Actually, there are a couple of things here, I probably should point out that get on my nerves.
One – the Bistro, terrible food you cook at home or could cook at home, so a complete nonsense.
Two – these idiots that wear country attire, like tweed and wax jackets – who are these people?
They have never ever been shooting, own a gundog or even a horse or even taken part in a boxing day hunt – so why they are they wandering around market towns like they are or have all of those things?
This attire is for people who are close to aristocracy and read Horse and Hound Magazine, not Closer or OK Magazine.
It infuriates me, it really does!
‘Oh, look Stephen with a PH, it’s raining, I will have to go home and my wax jacket to wander around Waitrose’.
The thing is, these people who do all of this and wear this attire, completely out of context, think it makes them in select group of posh people – these people are so far from posh its excruciating watching them behaviour like they are.
For instance, I don’t go home and put my England Cricket Shirt on and think I am batting at number three, do I?
Absolute mentalists, they really are – you know these people, so share this with them, because they need calling out!
That’s another thing – we have all seen those TV programmes where they get some trouble-shooter (not fruit and veg man, I mean someone with half a brain cell and an idea) in for a failing hotel or restaurant.
At what point do these owners think, ah Channel Five are en-route, I better have a clear up to retain some of the respect I have left for myself – but they don’t do they? Its all for telly and such a nonsense!
At this point its really important that we talk about the really ‘untouchable’ for most of us and by that, I mean, the most exclusive hotels known to us. Some of these are different gravy, they honestly are and constitutes first class and economy on an Eithad Flight.
The additional you get, is absolutely outrageous and they can’t do enough for you, or so it seems anyway.
You know what though, some of the guests have absolutely no class whatsoever and you know what I mean as well.
Let me tell you, just because you have a few quid, that doesn’t buy you class mate, it sure does buy you nice things and enables you to stay in nice places, but I’d rather not have that, if I didn’t have the finesse and class to match.
You see the abuse these people give the staff in some of these places? Their behaviour warrants and ASBO and like they shop in Kwik-Save and eat Two for One meals.
Similar can be said for those that have won the Lotto(I happen to know one of these) just because they won a million or whatever, they think all of a sudden become a step above, but the truth is, you aren’t, and you are still the uneducated moron you were before you purchased that ticket.

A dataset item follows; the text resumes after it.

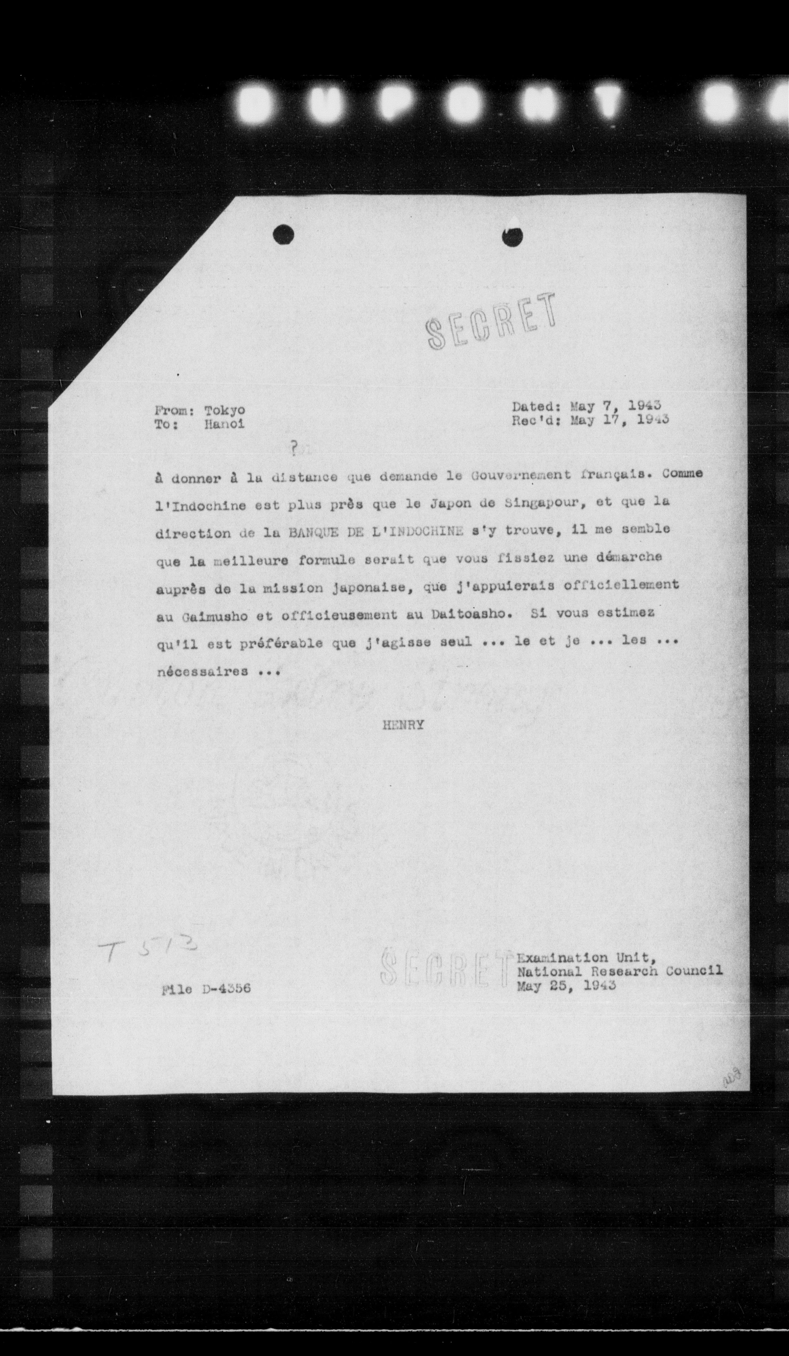 a donner a la distance que demande le Gouvernement frangais. Comme l'Indochine est plus près que le Japon de singapour, et que la direction de la HANQUE DE L'INDOCHINE s'y trouve, il me semble que la meilleure formule serait que vous fissiez une démarche auprès de la mission japonaise, que j'appuierais officiellement au Galmusho et officieusement au Daitoasho. Si vous estimez qu'il est préférable que j'agisse seul ... le et je ... les ... nécessaires ...

No matter how much your hotel room cost, whether it was a suite or a standard room, you still end up sharing a lift with the rest of us!
As I said earlier and in a previous blog, you can’t guarantee the clientele in these places and its that clientele that ruin your experience of these places, including your thousand quid a night stay, when they paid a oner.
A few years back, I contributed quite heavily in the recruitment of a high-end £750 a-day interim member of staff.
Where do you think he stayed?
The city centre hotel used by the local hookers, who paid by the hour to use the hotel – that’s not a joke.
All that money and he stayed in the biggest dive possible – I couldn’t believe it.
However, do you know who he bumped into one lunchtime?
Stephen with a PH.
Do you know what else happened?
Postman Pat wanted to know what was going on!